Zagadkowa śmierć na pustyni w Arizonie. Po 62 latach ustalono, kim była i jak wyglądała "Little Miss Nobody"

Źródło:
CNN, The New York Times, Yavapai County Scheriff`s Office
Wiadomo, kim jest dziewczynka, której zwłoki znaleziono 62 lata temu w Arizonie
Wiadomo, kim jest dziewczynka, której zwłoki znaleziono 62 lata temu w ArizonieNational Center for missing and Exploited Children
wideo 2/4
Wiadomo kim jest dziewczynka, które zwłoki znaleziono 62 lata temu w ArizonieNational Center for missing and Exploited Children

Mówili o niej "Little Miss Nobody", bo przez ponad 60 lat śledczym nie udało się ustalić, kim była dziewczynka, której zwłoki znaleziono na pustyni w Arizonie. Teraz, dzięki wykorzystaniu nowoczesnych badań DNA, nastąpił przełom w sprawie. "Nieszczęsny pseudonim będzie mógł zostać usunięty z nagrobka” - przekazał szeryf David Rodos z hrabstwa Yavapai.

31 lipca 1960 roku nauczycielka szukająca minerałów na pustyni w Arizonie, w hrabstwie Yavapai, dokonała tragicznego odkrycia - natknęła się na zwłoki małej dziewczynki. "Dziecko miało na sobie bluzkę w kratkę i białe szorty. Klapki typu japonki w rozmiarze dla dorosłych zostały przycięte tak, by pasowały do ​​jej małych stóp. Jej paznokcie były pomalowane na czerwono" - napisano w "The New York Times". Zwłoki były w takim stanie, że ani wtedy, ani później śledczym nie udało się ustalić tożsamości ofiary. W związku z tym dziewczynkę nazywano "Little Miss Nobody" - Małą Panną Nikt.

OGLĄDAJ TVN24 NA ŻYWO W TVN24 GO>>>

Po ponad 60 latach, dzięki zastosowaniu nowoczesnych badań naukowych i metod kryminalistycznych, udało się ustalić, kim była dziewczynka. Już wiadomo, że zwłoki dziecka, znalezione przed 62 laty, należały do Sharon Lee Gallegos. Dziewczynka została porwana z podwórka babci w Alamogordo, w stanie Nowy Meksyk. "Rodzina zgłosiła zaginięcie, ale policji w Alamogordo i FBI nie udało się odnaleźć ani małej dziewczynki, ani podejrzanych" - przekazało w komunikacie biuro szeryfa. Dziesięć dni po zaginięciu Sharon znaleziono niezidentyfikowane zwłoki dziecka na pustyni. Teraz już wiadomo, że była to zaginiona czterolatka.

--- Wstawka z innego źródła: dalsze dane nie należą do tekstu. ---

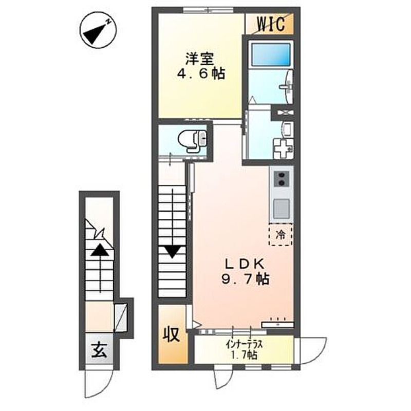 築年月 2025年  間取り 1LDK( LDK9.7畳/洋室4.6畳(*階) ) 専有面積 43.35m2

Po latach ustalono, kim była "Little Miss Nobody"National Center for Missing and Exploited Children

Wrócili do sprawy sprzed lat

Podczas wtorkowej konferencji śledczy z biura szeryfa hrabstwa Yavapai zaprezentowali zrekonstruowany portret Sharon i podzielili się szczegółami śledztwa. Jak poinformowali, już w latach 60. podejrzewano, że znalezione na pustyni szczątki mogą należeć do Sharon, ale wówczas technologia i nauka nie były wystarczająco rozwinięte, bo rozwiać wszelkie wątpliwości. "Początkowe ustalenia na temat ubrań, w których dziewczynka została znaleziona, oraz datowanie szczątków, a także niezgodność odcisku palca sprawiły, że wykluczono, że 'Little Miss Nobody' to Sharon" - czytamy w komunikacie służb.

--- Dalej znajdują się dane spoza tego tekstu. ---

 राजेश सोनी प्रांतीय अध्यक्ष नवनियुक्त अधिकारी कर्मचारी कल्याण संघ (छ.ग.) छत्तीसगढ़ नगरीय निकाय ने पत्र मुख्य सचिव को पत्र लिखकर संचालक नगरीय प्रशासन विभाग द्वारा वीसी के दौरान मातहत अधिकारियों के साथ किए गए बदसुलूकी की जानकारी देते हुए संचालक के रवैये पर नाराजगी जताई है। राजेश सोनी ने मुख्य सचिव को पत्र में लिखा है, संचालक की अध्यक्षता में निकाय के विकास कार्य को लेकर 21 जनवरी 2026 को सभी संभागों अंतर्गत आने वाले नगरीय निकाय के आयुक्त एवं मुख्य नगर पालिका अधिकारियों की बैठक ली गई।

W 2015 roku śledczy postanowili jednak wrócić do sprawy sprzed lat. W związku z tym ekshumowano szczątki niezidentyfikowanej dziewczynki, którą pochowano na cmentarzu w Prescott w Arizonie. Pobrano również próbki DNA od żyjących wciąż krewnych Sharon Lee Gallegos.

Nowe wnioski: Narodowe Centrum Dzieci Zaginionych i Wykorzystywanych ustaliło, że wiek szczątków był bliski wiekowi zaginionej z Nowego Meksyku. Ale jak tłumaczy biuro szeryfa, wciąż nie było technologicznych możliwości, by definitywnie powiązać Sharon z "Little Miss Nobody". Do czasu.

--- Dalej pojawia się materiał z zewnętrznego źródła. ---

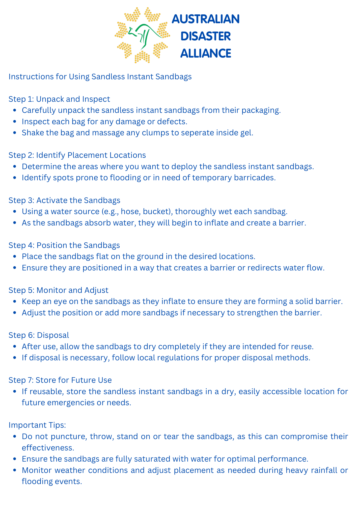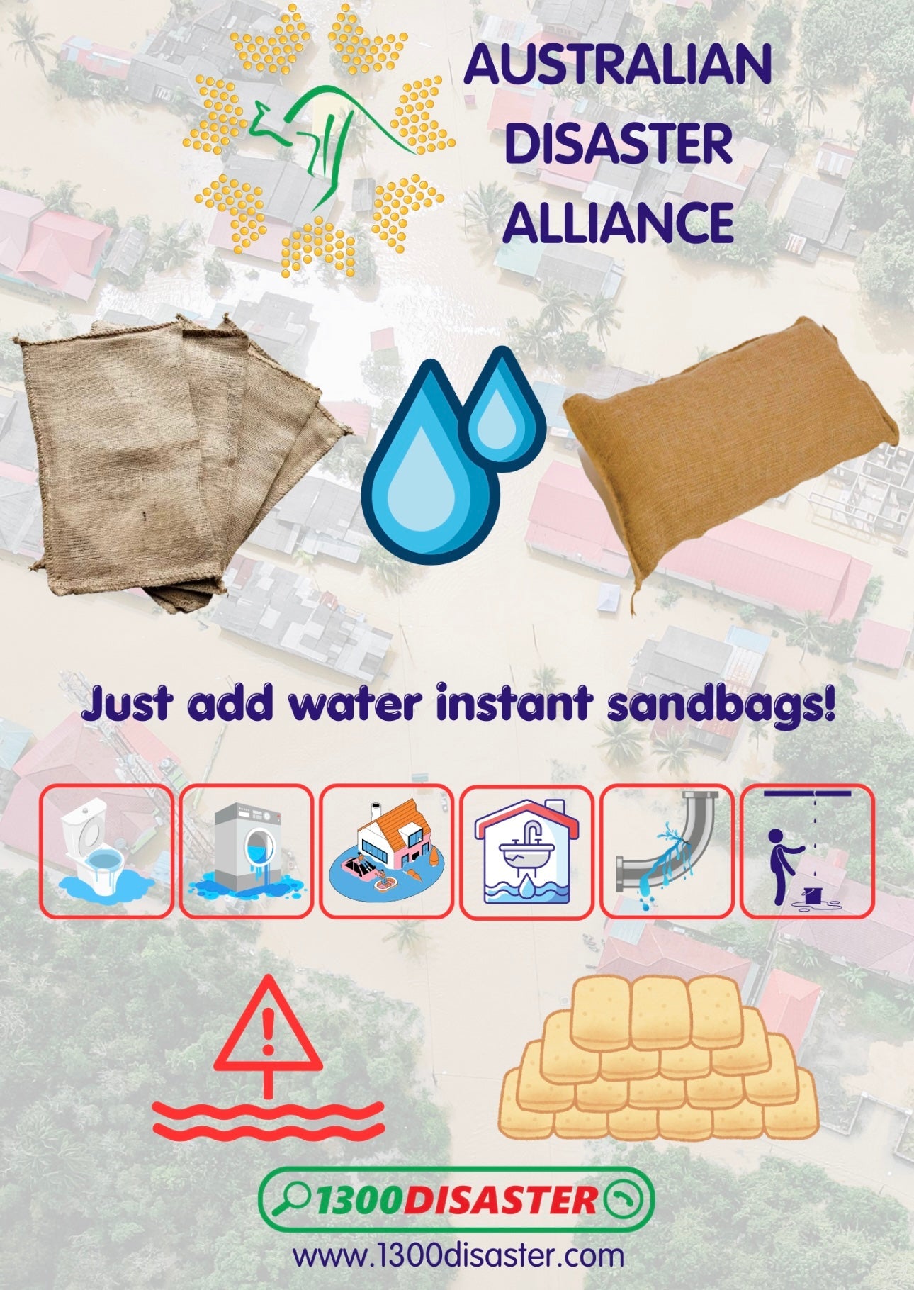 The Sandless Sandbag can be used to absorb, contain or divert water as you require. Useful for builders to divert water or protect storm water drains, useful to homeowners to protect property or divert water and useful for councils, emergency services and businesses.

Przełomowe badania w Othram

W 2021 roku śledczy połączyli siły z Othram, prywatnym laboratorium, które specjalizuje się w identyfikacji szczątków dla organów ścigania. Pracownicy tej placówki korzystają z zaawansowanej technologii. Środki na przeprowadzenie badań zgromadzono dzięki zbiórce, w której wzięli udział ludzie niemal z całego kraju. W lutym 2022 roku naukowcy z Othram potwierdzili, że znalezione szczątki należały do Sharon Lee Gallegos.

"Dziękuję wszystkim detektywom i wolontariuszom, którzy wzięli sobie tę sprawę do serca w 2015 r. i nie odpuścili. Teraz nieszczęsny pseudonim 'Little Miss Nobody' będzie mógł zostać usunięty z nagrobka w Prescott” – przekazał szeryf David Rodos z hrabstwa Yavapai.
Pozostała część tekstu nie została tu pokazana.